Solo queda el gesto resistiendo
Y el recuerdo que reía a carcajadas
Antes de que ser yo estuviese prohibido.

Aquí la resistencia no es una lucha activa, sino la persistencia de un gesto, la obstinación del recuerdo. La risa del pasado sobrevive como un eco, como un vestigio de lo que pudo haber sido.

El poemario de Ana Margarita Arada no busca consolar ni cerrar heridas; por el contrario, las expone con crudeza, permitiendo que el lector se adentre en la espiral del duelo y la soledad. La autora construye un paisaje emocional donde la identidad se disuelve y la memoria se convierte en un océano inabarcable.

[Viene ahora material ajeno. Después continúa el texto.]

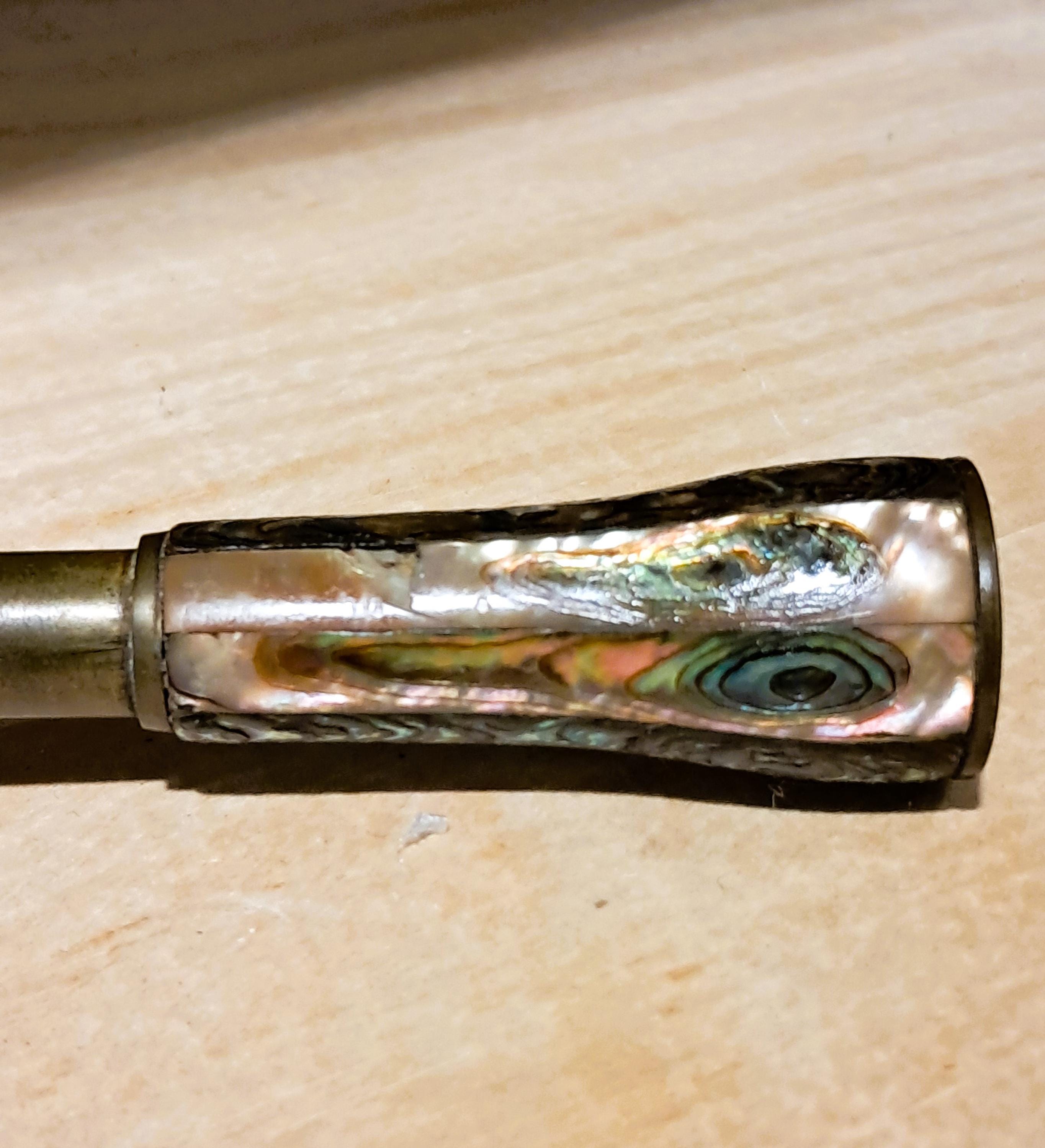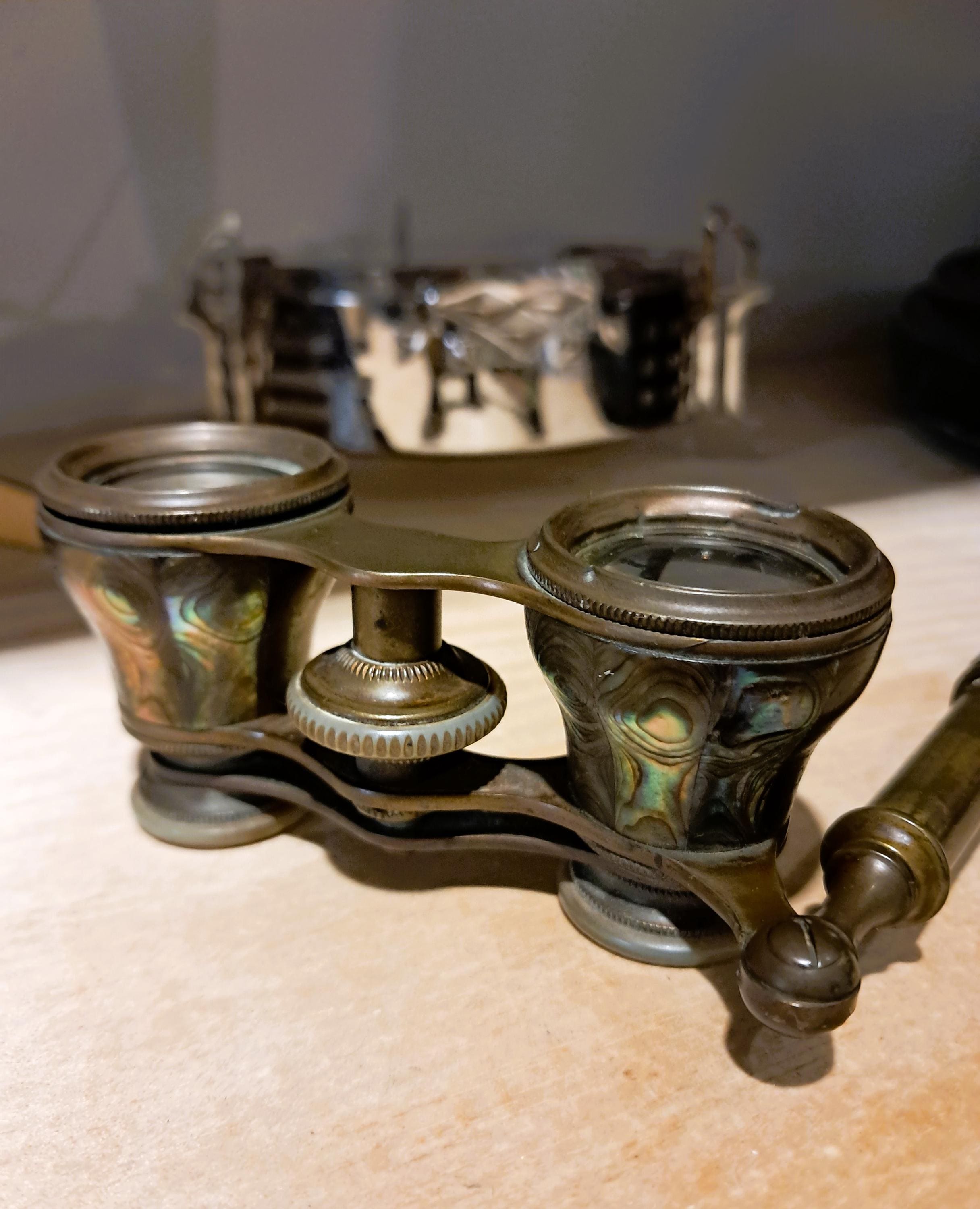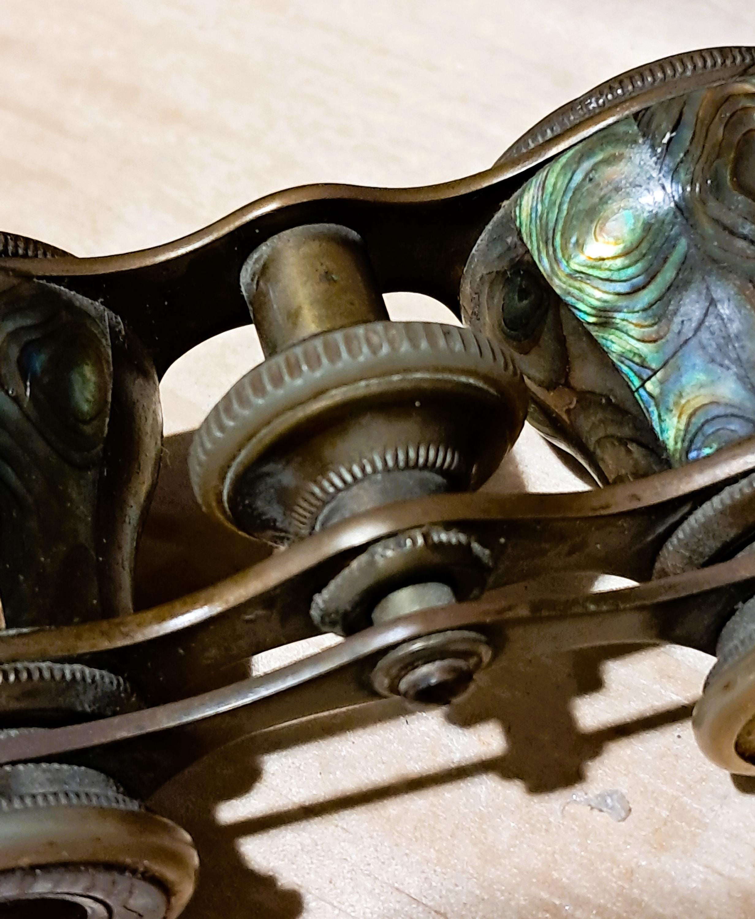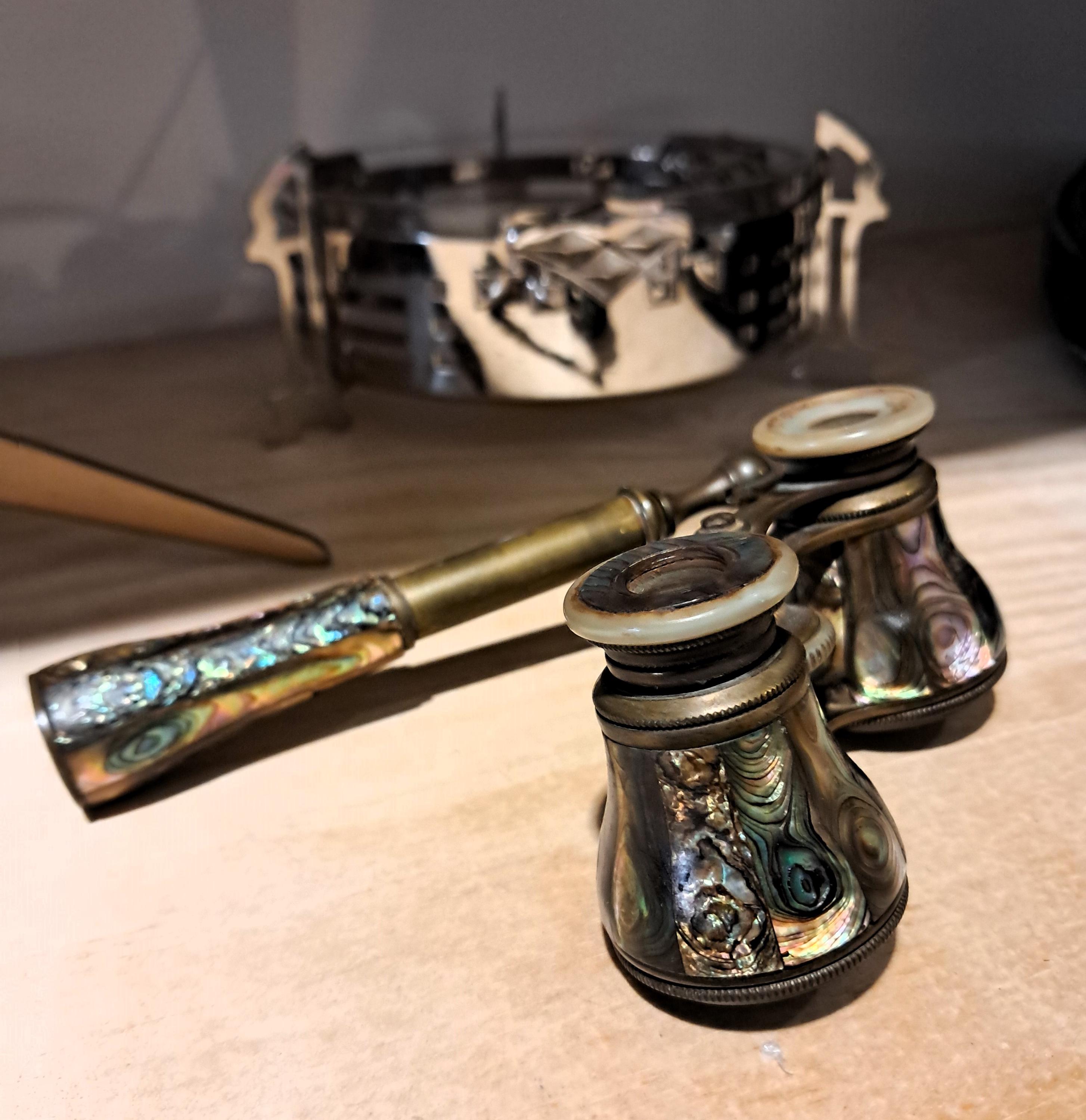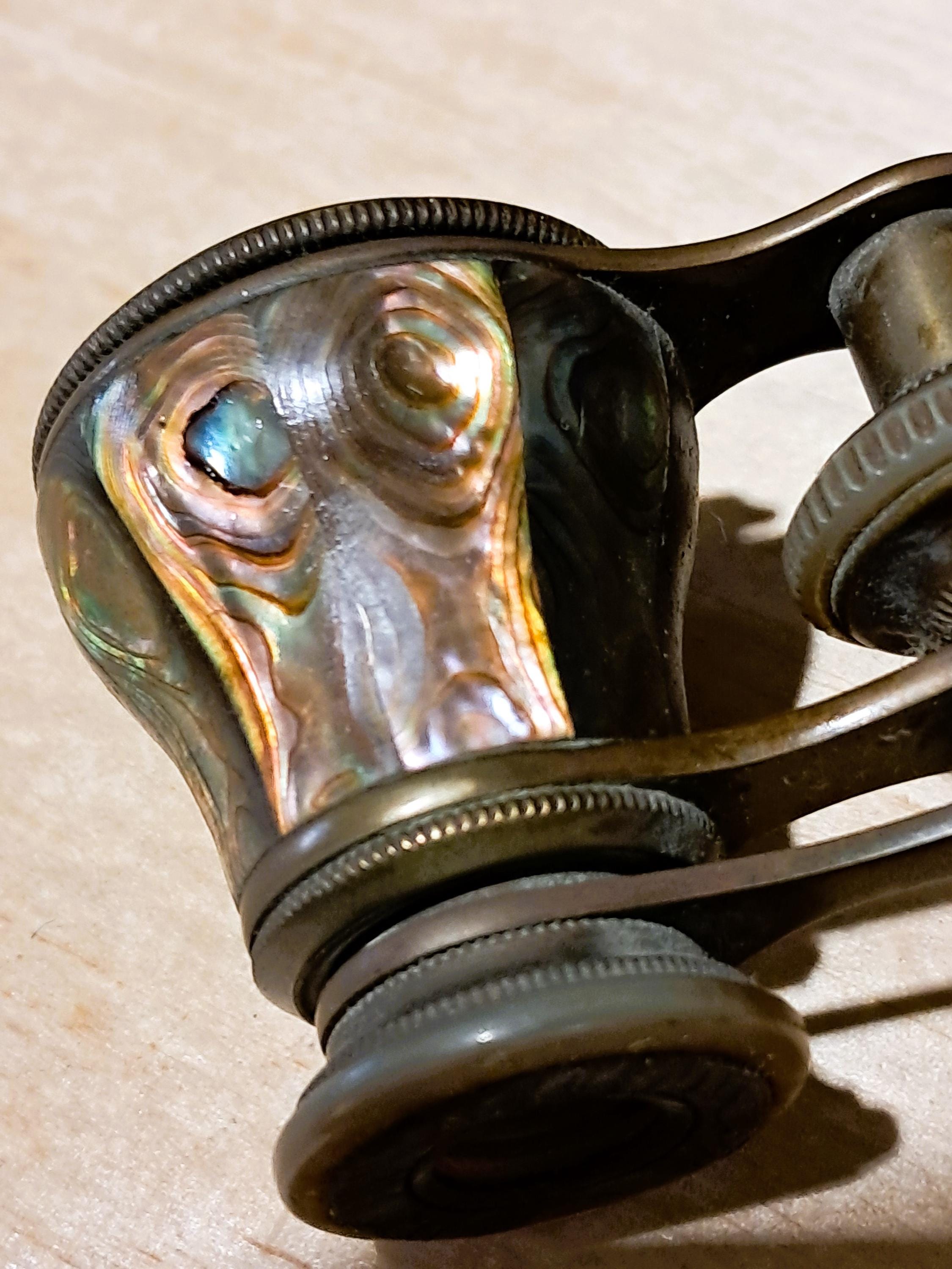 A very beautiful Opera glass made of brass and abalone shell mother-of-pearl, which has an incredibly wide colour spectrum. Everything works, including the focus adjustment and the extendable handle (telescope). All optical lenses are in good condition. Condition: Good condition except for one point: the right eyepiece is missing the abalone shell covering, which is why we are offering these opera glasses at a reduced price. Abalone shell mother-of-pearl can be purchased and used to cover the eyepiece again. Dimensions: Length with handle extended 30 cm/with handle retracted 22 cm. Height of opera glasses approx. 4.2 cm.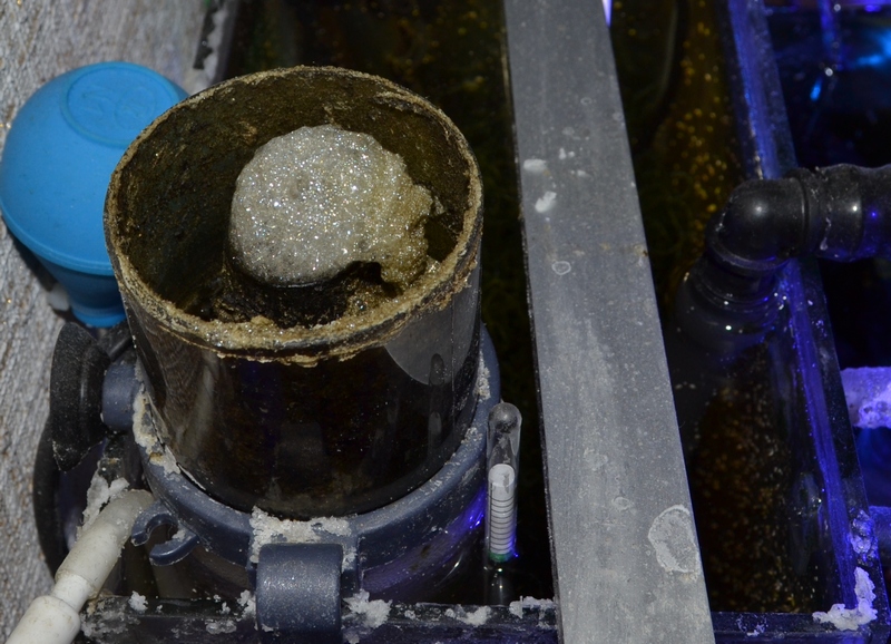 Одно отделение, стоит помпа для забора воды, она уже вся заросла водорослями, так что поток который выходит из нею проходит через жмут водорослей, мимо пенника и попадает в акву самотеком.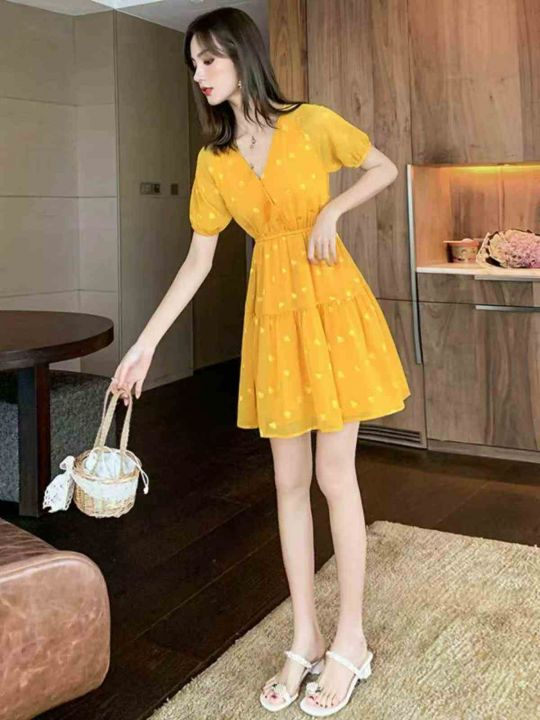 全清9.8碎花连衣裙女夏装新款桔梗气质雪纺裙 63条 S-X...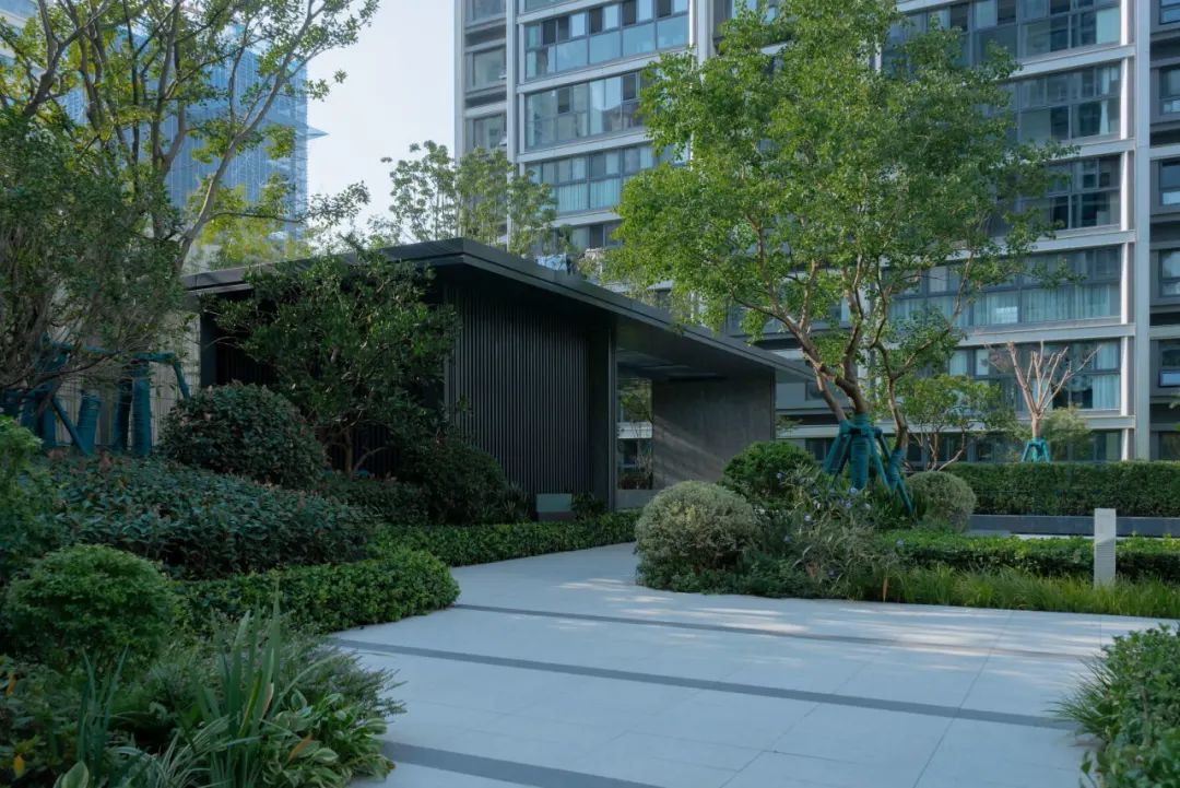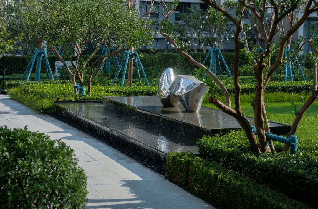 主轴的夹道树列,带领业主归家,对景的两层跌⽔和雕塑,与远处的会客廊架相映成趣。

Pero, en medio de la desesperanza, queda una posibilidad de transformación. No se trata de encontrar la salida del pasillo, sino de comprender que el pasillo mismo puede ser habitado de otra manera. Que la jaula, quizás, no sea el final, sino el inicio de otra forma de existir.

Así, Pasillo de manicomio no es solo un libro sobre la pérdida, sino sobre la metamorfosis del dolor. La soledad no es un punto de llegada, sino un tránsito. Y el verdadero reto no es escapar del pasillo, sino aprender a mirarlo de otro modo siendo momentáneamente parte de él.